Uneven distribution of material when applying a metallic paint causes a striped, spotted or streaked appearance in the finished surface. Also called tiger stripe, spotting, floating

For aluminum flake to work properly as a component of a finished metallic paint film, it must be applied evenly. The coating must be applied “wet” enough to allow the aluminum to settle properly. Where these paints are applied too “dry,” the paint will appear lighter than the color standard, and areas where a sufficient wet coat was applied. Consistency is critical during the application of metallic paints.

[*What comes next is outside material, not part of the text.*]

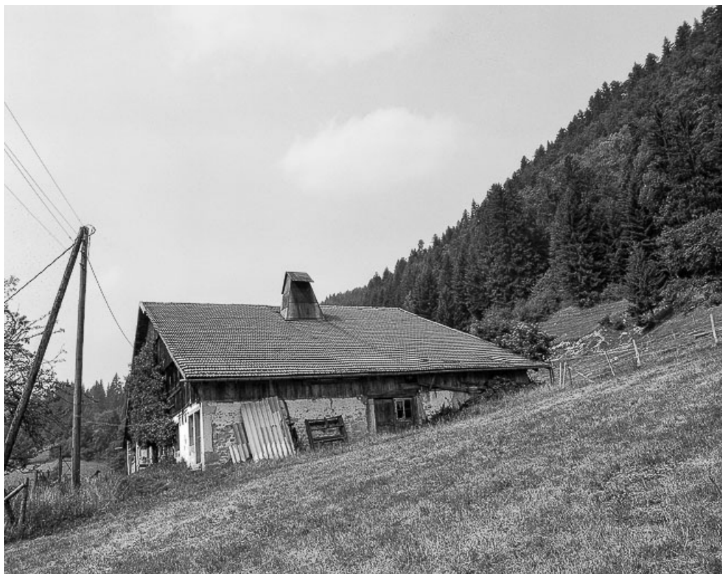
Ferme située au lieu-dit Champagne-Dessous, cadastrée ZA 4 : façades antérieure et latérale droite. 25, Les Gras

There are several reasons why mottling occurs, causing a newly applied metallic paint material to appear uneven. They are:

  • Inconsistent spray pattern: Inexperienced painters and those with poor technique will find metallic paints much more difficult to apply than solid colors and other materials. This is because any inconstancy in the distribution of material is amplified by characteristics of the aluminum flake used to achieve the metallic appearance. Some key factors in the proper technique of applying metallic paints are as follows:
  • Distance and position of the gun tip relative to the panel. If these do not remain consistent (i.e. paint applied in wide sweeping arcs) a pattern of alternating light and dark spots or stripes may appear.
  • Speed of pass. If the gun travels the distance of the panel at one rate of speed, then another on the next pass, a pattern of alternating light and dark spots or stripes may appear.
  • Degree of overlap. Unless the overlap pattern remains consistent from one pass to the next, alternating light and dark spots or stripes may appear.
  • Too much/too little reducer: Using too much reducer may cause the paint material to go on too wet in some spots (causing a darker than expected effect). Conversely, using too little reducer may cause the paint material to be applied too dry in some spots (causing lighter than expected patterns).
  • Insufficient hiding: Because some materials offer less opacity than others, dissimilar substrate colors and dark primers may show through the topcoat, giving the appearance of mottling. When using these types of products, it may be necessary to apply additional coats beyond the manufacturer’s recommendation.

If paint film has cured completely, properly abrade surface and reapply paint. Final coat may be fogged as necessary to set metallic pattern evenly. If using Kirker’s ACRYL-GLO acrylic enamel paint in a metallic color, consider mixing equal parts paint with LAZER-DRY Basecoat Stabalizer. While this will prevent some mottling from occurring, it should be noted that this product’s primary purpose is to flatten acrylic enamel paints to convert them to basecoats so they may be clearcoated quickly.

NOTE: LAZER DRY Basecoat Stabalizer will not work with ULTRA-GLO acrylic urethane or SYN-GLO synthetic enamel paints.